YouTube’s time to decide: with them or against them

It’s well known that there is a lot of copyrighted material from Hollywood Studios available for free on YouTube. It’s also well known that the Studios also have taken advantage of YouTube in order to get their films more popular at low cost.

But the real challenge has arrived and Hollywood is wondering whether YouTube is friend or foe. Being aware of the potencial benefits they could get, all of the major studios are negotiating licensing agreements with YouTube, but in the meantime they are also pressing YouTube to adopt filtering mechanisms faster to keep unlawful material from even showing up. Even more, some people think that Studios will sue if they don’t get the licensing deal they want.

On the other hand, Google’s is being pressed by their own investors who are willing to see whether YouTube is worth the $1,65 billion they paid for it or not. What comes next? Only time will tell.

BBC joins Web 2.0

The British Broadcasting Corporation plans to develop its online presence by providing social networking sites based on its most popular brands such as Top Gear.

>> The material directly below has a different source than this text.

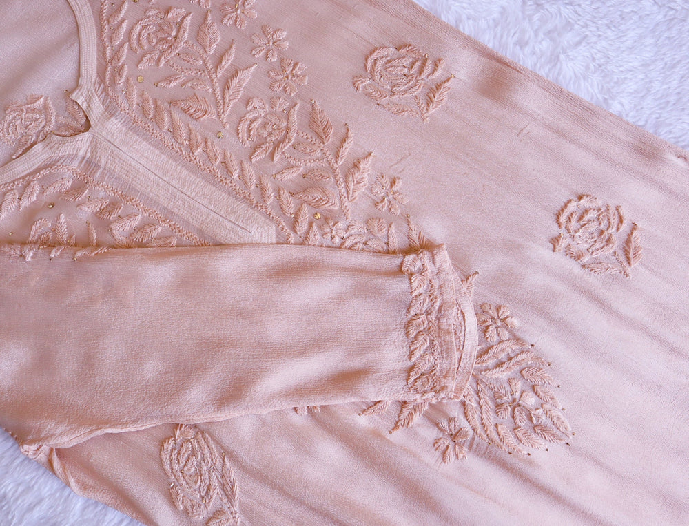 Rose Beige long pure Chiffon kurta with chikankari handwork in Leaf and Floral intricate pattern with Mukaish embellishments on the kurta.

BBC is thinking of following the success of such sites as MySpace or YouTube in which users contribute comments and video footage to share with other users.

Looks like the biggest traditional media corporations are starting to realize of the influence and power of social networks. This kind of corporations were thought to be the losers with this trend, but in fact, according to a Deloitte’s report, can be ideally suited for benefit as this trend develops consumer loyalty. What comes next? Only time will tell.

MyBlogLog, yet another community has been bought

Recently we saw the acquisition of StudiVZ, an online german student community (facebook clone), bought by a german media giant. Now it’s turn for MyBlogLog that has been acquired by Yahoo!, as stated in MyBlogLog official blog. The unofficial numbers are around $10 million.

MyBlogLog is an online service that creates communities among blog readers who like to read the same blogs and so far it the latest step in the so-called Yahoo!’s “social media” expansion that began in 2005 with the acquisition of flickr, a photo sharing site, and continued with del.icio.us, a social bookmarking site, and Upcoming a calendaring site with, of course, capabilities to share events in the purest web2.0 style. Who comes next? Only time will tell.

StudiVZ or the fast-cloning profitability

Congratulations! An online german social network focused on students relationships called StudiVZ has been acquired by Georg von Holtzbrinck Publishing Group, a german publishing holding company.

According to Financial Times Deutschland, Holtzbrinck has paid €85 million (about $110 million) for a community of about one million users. That makes more than $110 per user!

Furthermore, the site is a shamelessly clone of Facebook, replicating not only their business model but also information architecture and design and graphical details proving that fast-cloning is still profitable in this new web2.0 bubble. What comes next? Only time will tell.